The larger cities beckoned with their anonymity.

Counting years was pointless, because the stars she could see at night had no cognizance of time. Upworlders had little concept of how fluid and malleable the human conceit of “time” could be. What mattered was perception, survival, safety. She had not been schooled in her own hereditary mythology, and carried no religious bias as a result. The crucible of her personal rules was experiential. There was a lingering feeling, more akin to stolen and truncated memory, that between human beings and her own kind, one of them was not meant to be on this planet. The few books through which she had labored without guidelines only offered conflict and confusion.

That all changed when she was gang-raped and set on fire.

*   *   *

“Dare ya to fuck it,” said Dane, his scratchy voice slurred by vodka. Fulton dealt the bag lady another wallop with a steel-toed boot. She—it—absorbed the kick and contracted like a hedgehog, making not a sound. “Stinks,” said Brad, leery. The trio were predictable to the point of clich
é
. Surly, pissed off, too drunk, too young to matter.

“Pussy,” Fulton shot back at Brad. “Virgin pussy. You've gotta lose your cherry, bust that nut, pop it or drop it, chickenshit.”

Dane, the oldest (according to his fake ID), busily peeled back layers of clothing from the ragbag. “Jesus, this looks like some kinda freak! Holy shit, check out the stump!”

“Circus freak,” said Fulton. “Still, better than fucking a clown.” He kept dancing in to kick their victim again with macho certitude.

“No fucking way,” said Brad. He searched his mind, his history, for a better counterargument, but all that came out of his pale and disbelieving face was a mumbled mantra of no fucking way, over and over, like the babble of, well, a crazy person.

Fulton chugged the dregs of flask bourbon and shattered the curved bottle as punctuation. “Tonight's the night, Brad-lad!”

“No fucking way,” Brad said again, with anything but conviction.

“Tell ya what,” said Dane. “We'll all take her.”

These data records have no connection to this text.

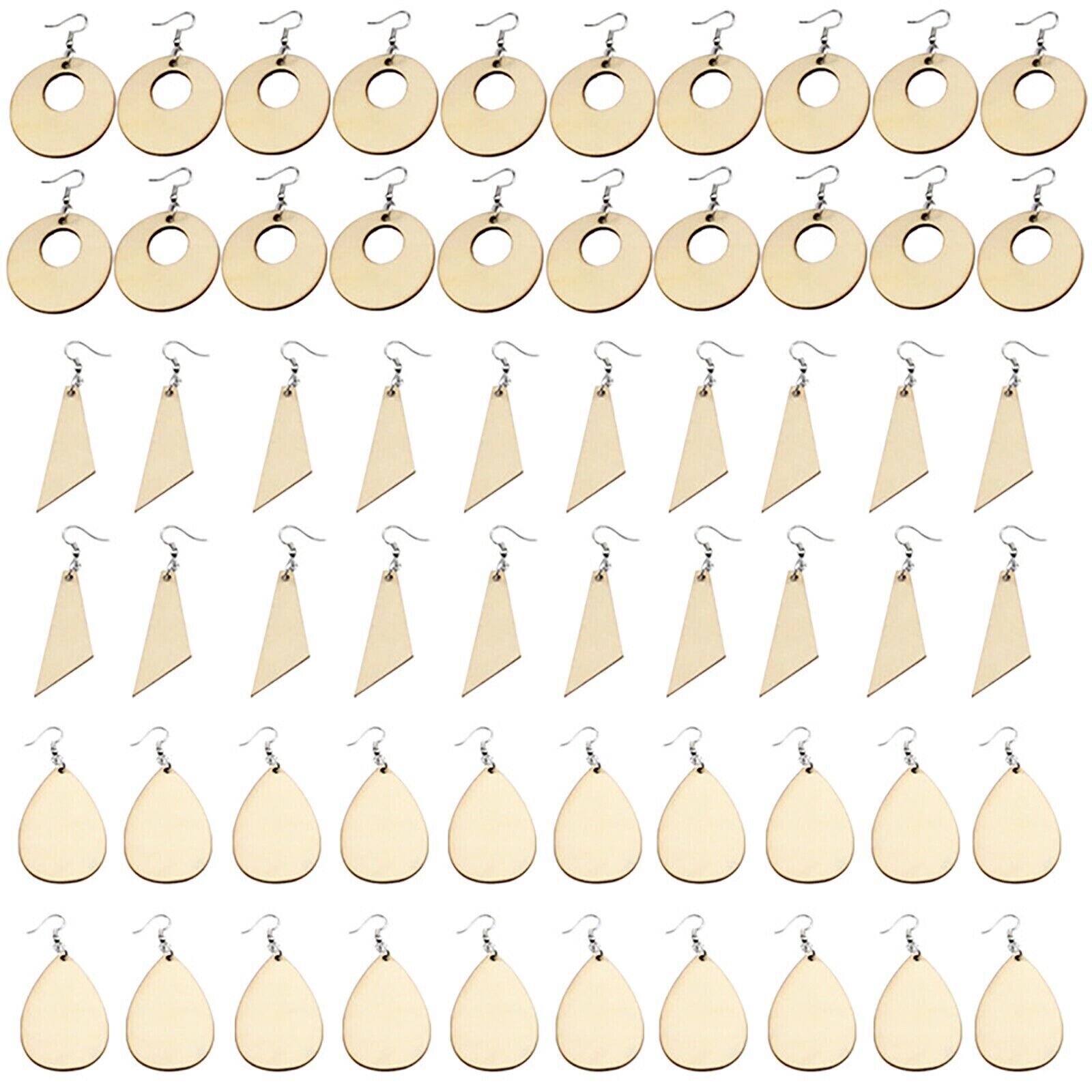 - 60 pieces of unfinished wood earring pendants in 3 different styles,
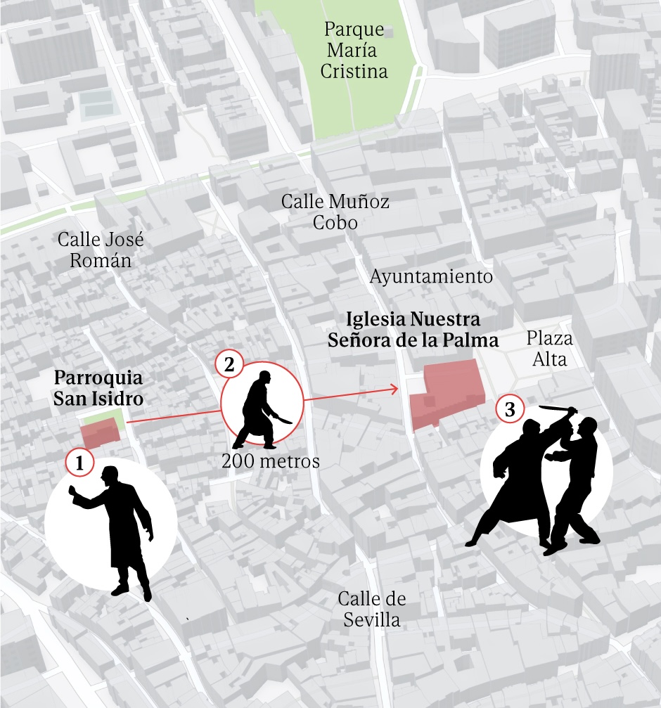 Sobre las 18h30, el miércoles 25 de enero de 2023, un hombre de 25 años, Yasine Kanjaa, entró en la parroquia de San Isidro, Algeciras (Cádiz), donde estuvo discutiendo de manera muy violenta con una feligresa, en razón de sus creencias. Gritó: “ Tu fé no es la auténtica” y se marchó amenazándola e insultándola. Alrededor de las 19h30, regresó con un machete e hizo un corte en el cuello al párroco, Antonio Rodríguez (que fue operado de inmediato por las graves heridas pero ya se encuentra estable). Aquellos que intentaron impedir el ataque resultaron heridos.
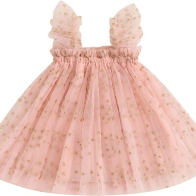 XIXIMAON Toddler Baby Girl Tutu Dress Glitter Star Flower Print Sleeveless Lace Princess Dress Wedding Party Outfit Infant Summer Tulle Sundress
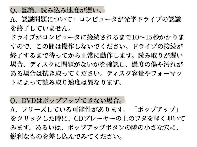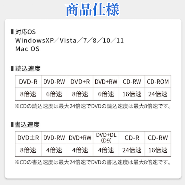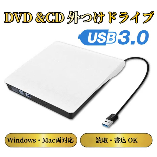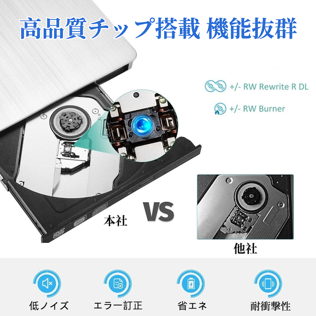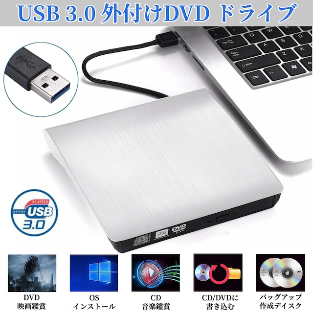 USB3.0 DVDドライブには、優れた書き込み技術が搭載されており、CD/DVD-rom、CD-R/RW、DVD±R/RWをサポートできます。最大8倍のDVD読み取り、8倍のDVD書き込み、24倍のCD読み取りと8倍のCD書き込みスピードを提供、 ファイルの書き込み、ソフトのインストール、ディスクバックアップの作成、DVDムービーの鑑賞などを対応してます。高級な材質を採用して作った高強度のボディーで、耐久、耐震、低騒音等の性能を持っています。
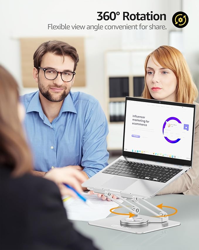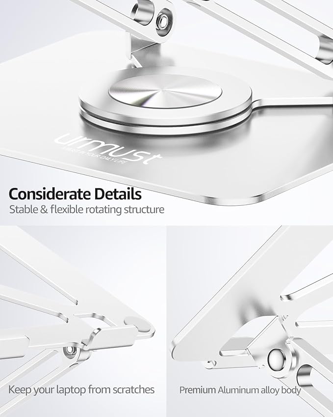 Urmust Laptop Stand for Desk with 360 Rotating Base, Ergonomic Adjustable Laptop Riser for Laptops 10 to 16 Inches
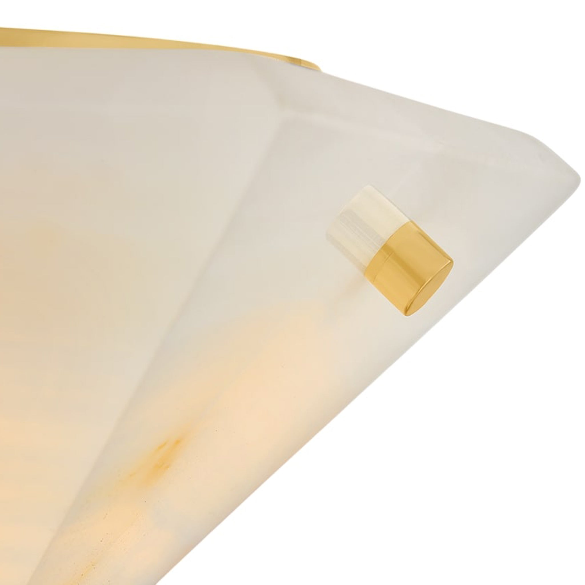 Geo is defined by its quiet strength and sculptural clarity. Glowing panels of honey onyx are book matched to reveal mirrored veining-an artisanal detail more often seen in luxury surfaces than lighting. The symmetry of the stone takes center stage, framed by clean, minimal metalwork in Vintage Brass that amplifies its natural elegance. Available as a 1-light wall sconce in two shapes and sizes, as well as a 1-light flush mount, Geo offers a soft, grounded glow that feels both bold and restrained. Its graphic silhouette and elemental beauty lend structure and visual rhythm to interiors. Moniomi for Corbett Lighting.
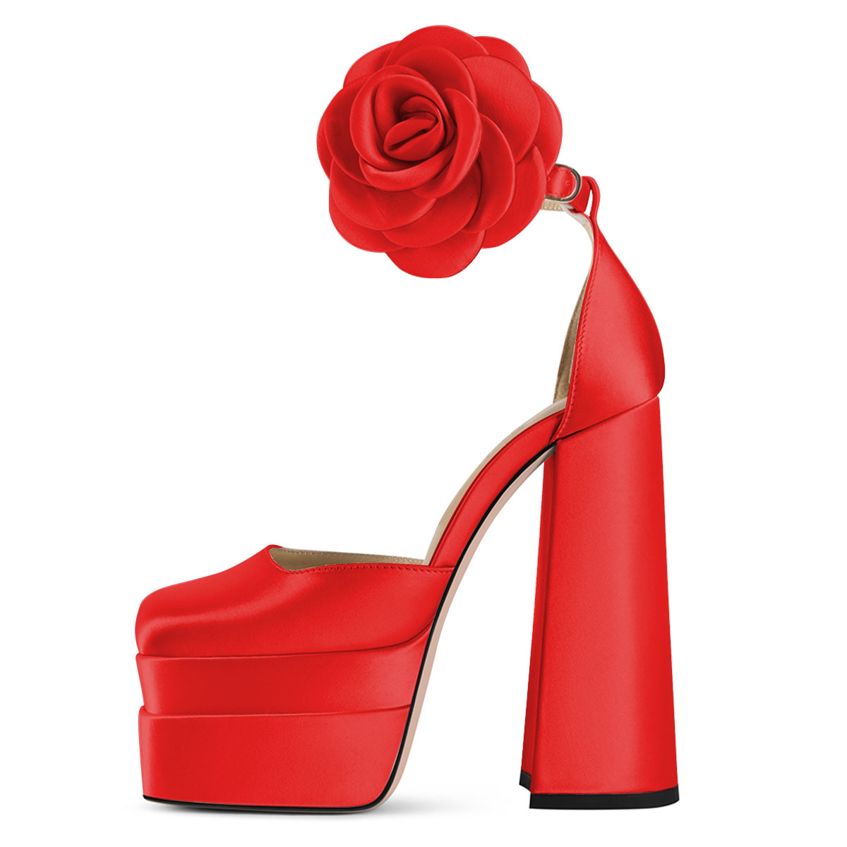 Red Satin Square Toe Platform Flower Decor Ankle Strap 6-Inch Heels
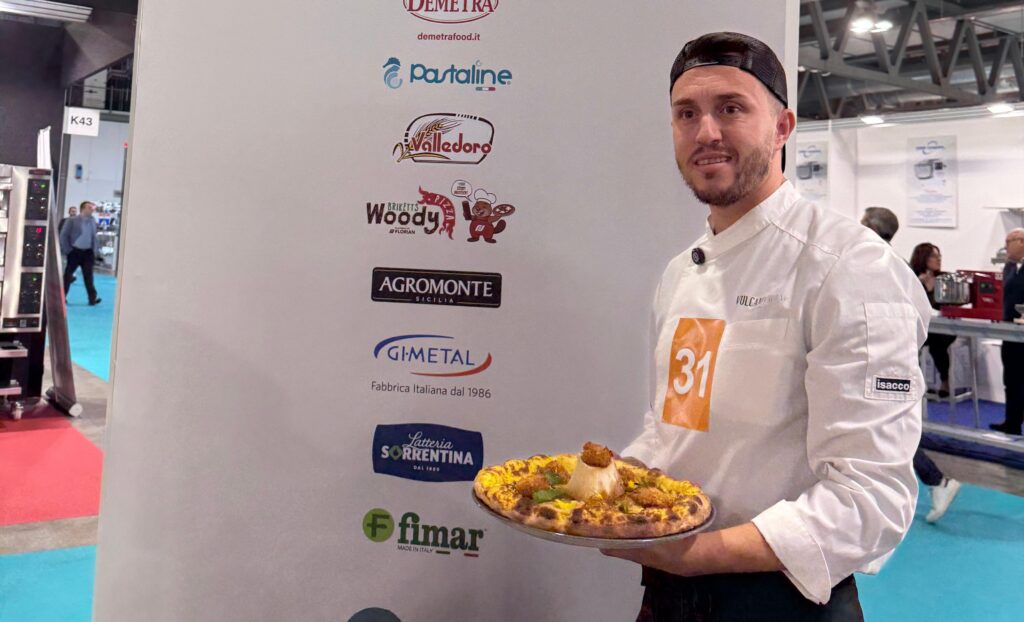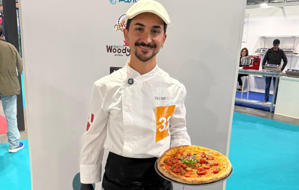 Alban Hoxha con la “Pizza all’ossobuco” presentata agli Europei di Pero
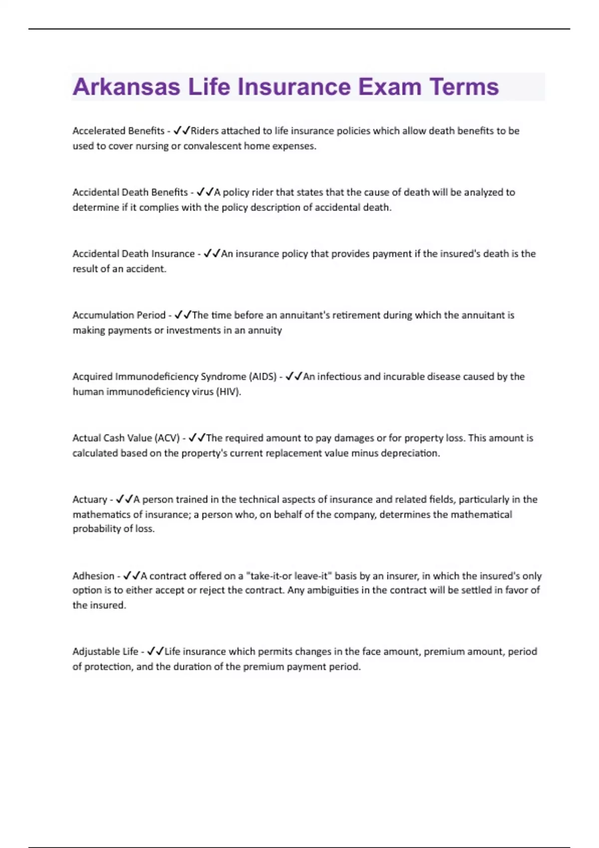 Arkansas Life Insurance | Questions and Answers with complete solution
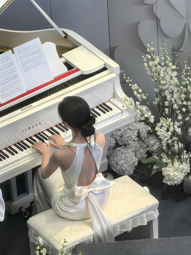 灯光随着她的步伐而缓缓移动,最后停在客厅那架由祝福和鲜花装饰的雅马哈钢琴面前。
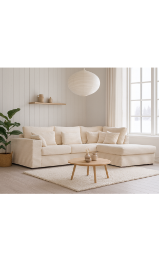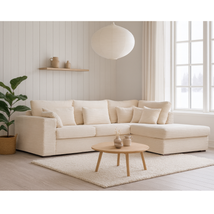 Créez un espace de vie élégant et confortable avec le canapé d'angle droit en velours côtelé beige Toronto. Ce canapé, alliant design contemporain et confort inégalé, est la pièce maîtresse idéale pour sublimer votre salon.
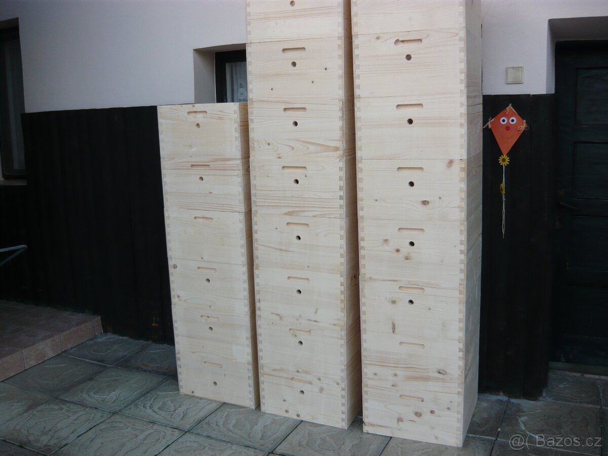 Prodám včelí nástavky celodřevěné z vejmutovky.Vyrobeno ze spárovky 25mm.Spoje jsou cinkované rybinovou frézou,lepeny voděodolným lepidlem D4/velmi pevné spojení/.Na rámky 39x24.Rozměr 455x455mm/venkovní/.Výška 250 mm.Studená stavba.
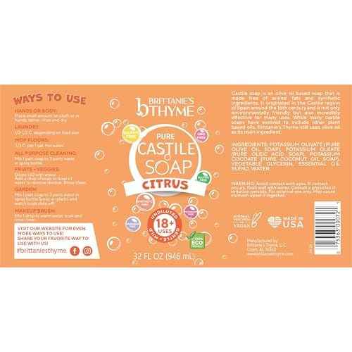Brittanie's Pure Castile Liquid Soap Citrus ? 2 Pack (32oz Each) | Natural, Organic, Multi-Purpose Soap for Body, Face, Home & Pets | Vegan, Sulfate-Free, Made in USA
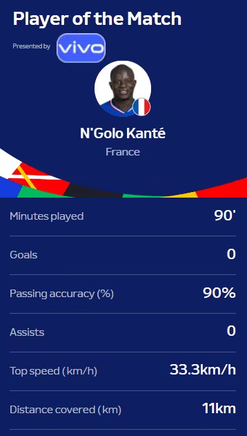 欧洲杯小组赛D组第2轮,荷兰0-0战平法国。坎特连续两场当选全场最佳球员。
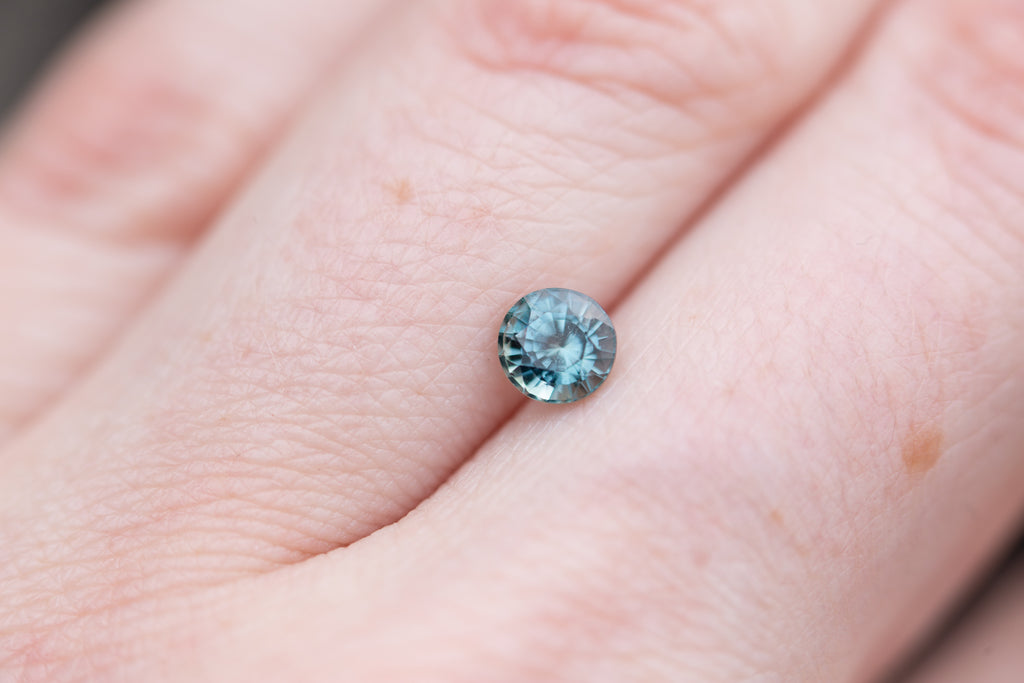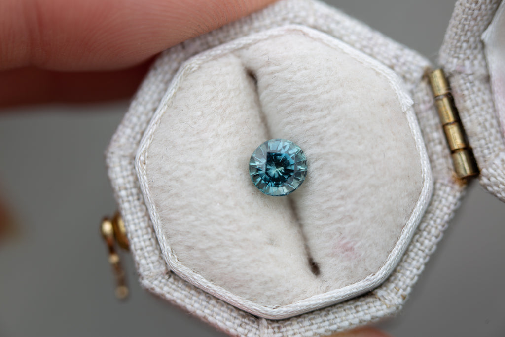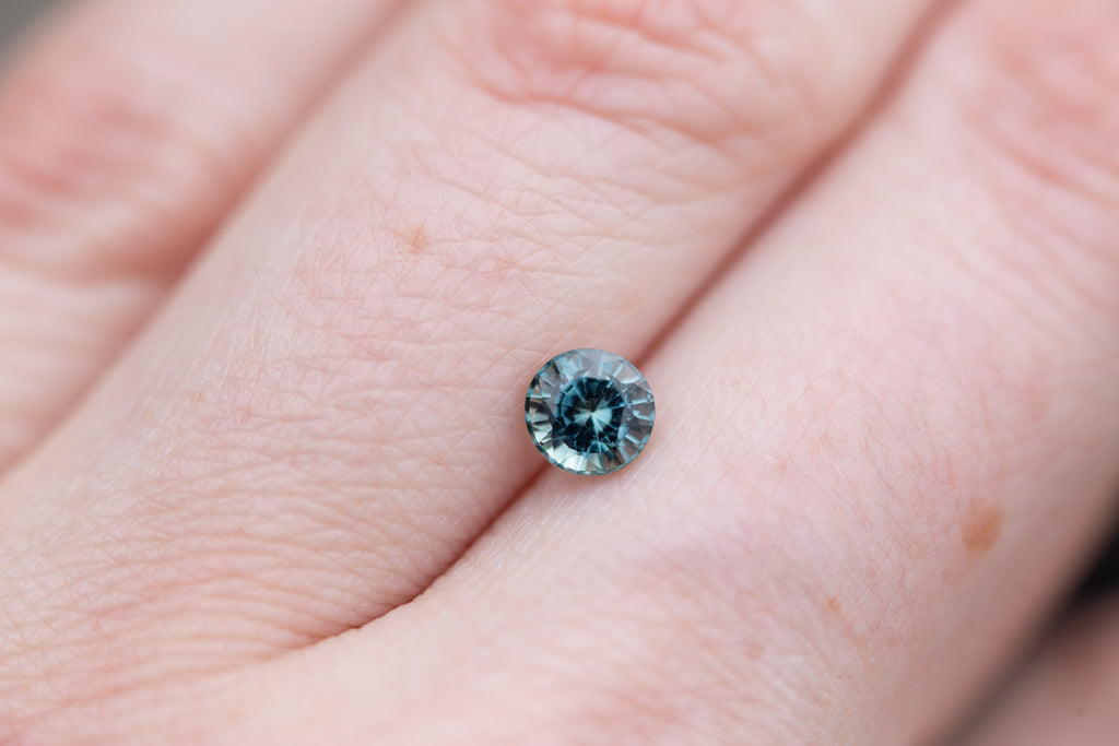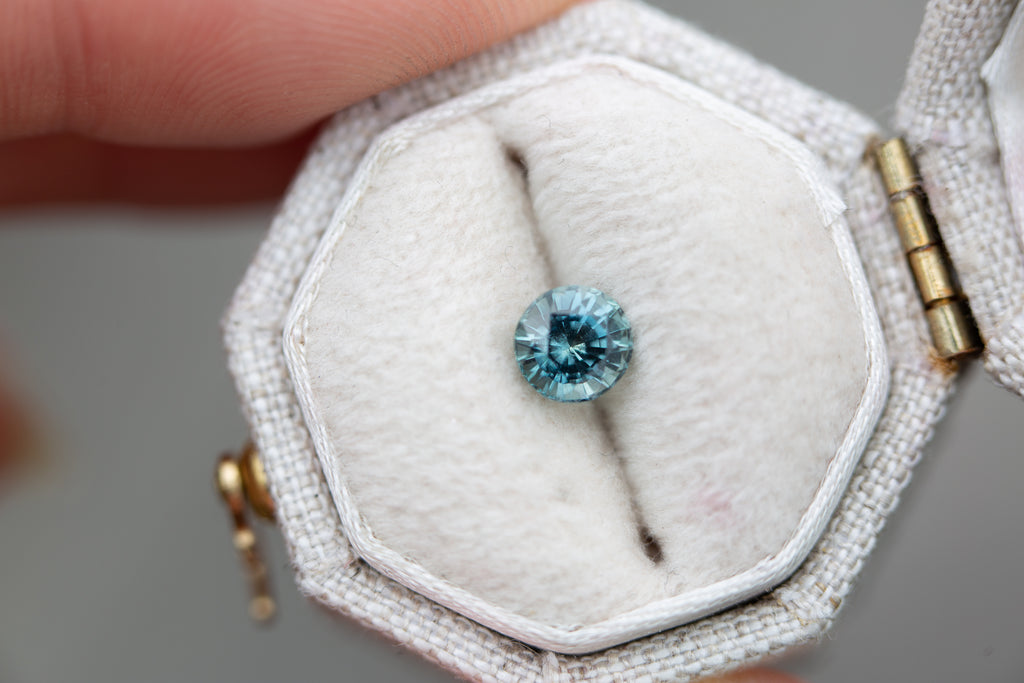 A really pretty blue green sapphire with lots of facets for lots of sparkle

“Yeah, we got your back, bro.”

That was how it started. The particulars of the violence were not new or important to note, for in a violent world it was just one more incident no one would record, or so she thought as it happened, Dane first, then Brad, then Fulton, amid much cackling and bonding that served the purpose, for them, of both display and power ritual. Semen ejaculated and nasty verve thus temporarily muted, their embarrassment and potential future humiliation prompted the next event of the evening. It was Fulton who produced the squeeze bottle of lighter fluid, Brad who lit the book of matches, and all three who backed nervously away when the cooking smells first struck them. They fled while she smoldered.